### Problem requirements:
The material below includes pictures; leave them out and return only the lines between the line containing "Expression of p-ERK" and the line containing "2、鼠標左鍵單擊修改面板,選", inclusive, word for word.

### Records for this exercise:
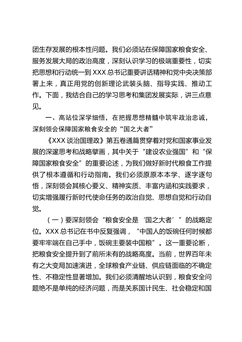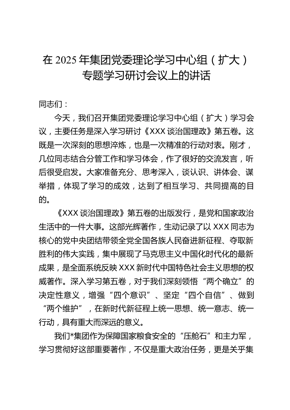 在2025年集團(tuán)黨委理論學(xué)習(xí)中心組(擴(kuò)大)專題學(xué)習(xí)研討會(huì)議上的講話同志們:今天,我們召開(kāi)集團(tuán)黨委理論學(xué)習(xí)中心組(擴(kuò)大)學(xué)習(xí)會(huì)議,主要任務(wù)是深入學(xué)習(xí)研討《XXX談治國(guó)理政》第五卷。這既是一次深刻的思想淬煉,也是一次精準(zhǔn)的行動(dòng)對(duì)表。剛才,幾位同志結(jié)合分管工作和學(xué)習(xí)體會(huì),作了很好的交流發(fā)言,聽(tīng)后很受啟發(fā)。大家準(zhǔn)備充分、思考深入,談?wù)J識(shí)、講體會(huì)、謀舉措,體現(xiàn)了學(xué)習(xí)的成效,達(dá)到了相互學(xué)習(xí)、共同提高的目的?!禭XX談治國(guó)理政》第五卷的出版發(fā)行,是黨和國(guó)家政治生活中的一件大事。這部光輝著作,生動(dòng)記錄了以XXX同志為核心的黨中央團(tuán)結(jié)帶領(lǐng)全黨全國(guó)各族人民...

* * *

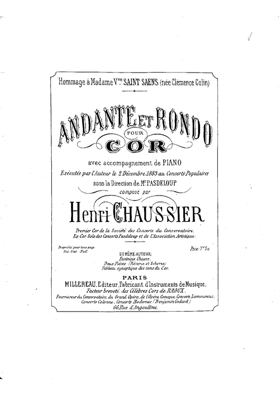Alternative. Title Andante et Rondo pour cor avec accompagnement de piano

* * *

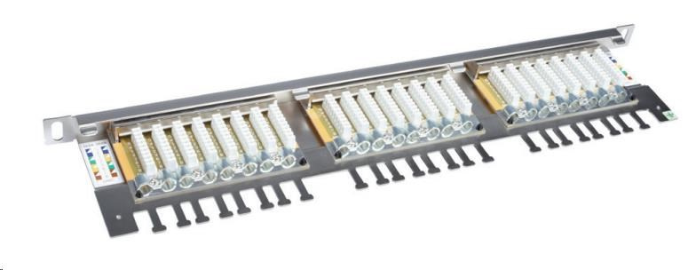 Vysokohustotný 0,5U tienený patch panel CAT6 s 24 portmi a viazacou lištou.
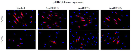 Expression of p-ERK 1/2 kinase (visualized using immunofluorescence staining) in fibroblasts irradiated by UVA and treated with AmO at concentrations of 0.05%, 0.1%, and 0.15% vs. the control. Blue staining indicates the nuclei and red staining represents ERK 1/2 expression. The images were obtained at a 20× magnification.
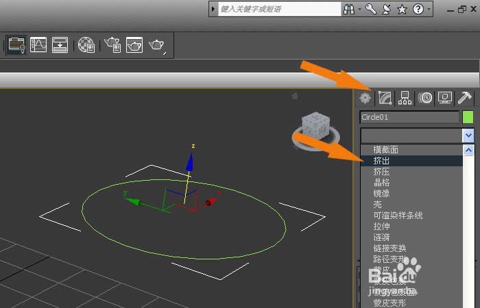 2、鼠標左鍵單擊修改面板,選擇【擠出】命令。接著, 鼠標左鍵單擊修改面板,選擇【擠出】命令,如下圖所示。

### Answer to the exercise:
 Expression of p-ERK 1/2 kinase (visualized using immunofluorescence staining) in fibroblasts irradiated by UVA and treated with AmO at concentrations of 0.05%, 0.1%, and 0.15% vs. the control. Blue staining indicates the nuclei and red staining represents ERK 1/2 expression. The images were obtained at a 20× magnification.
 2、鼠標左鍵單擊修改面板,選擇【擠出】命令。接著, 鼠標左鍵單擊修改面板,選擇【擠出】命令,如下圖所示。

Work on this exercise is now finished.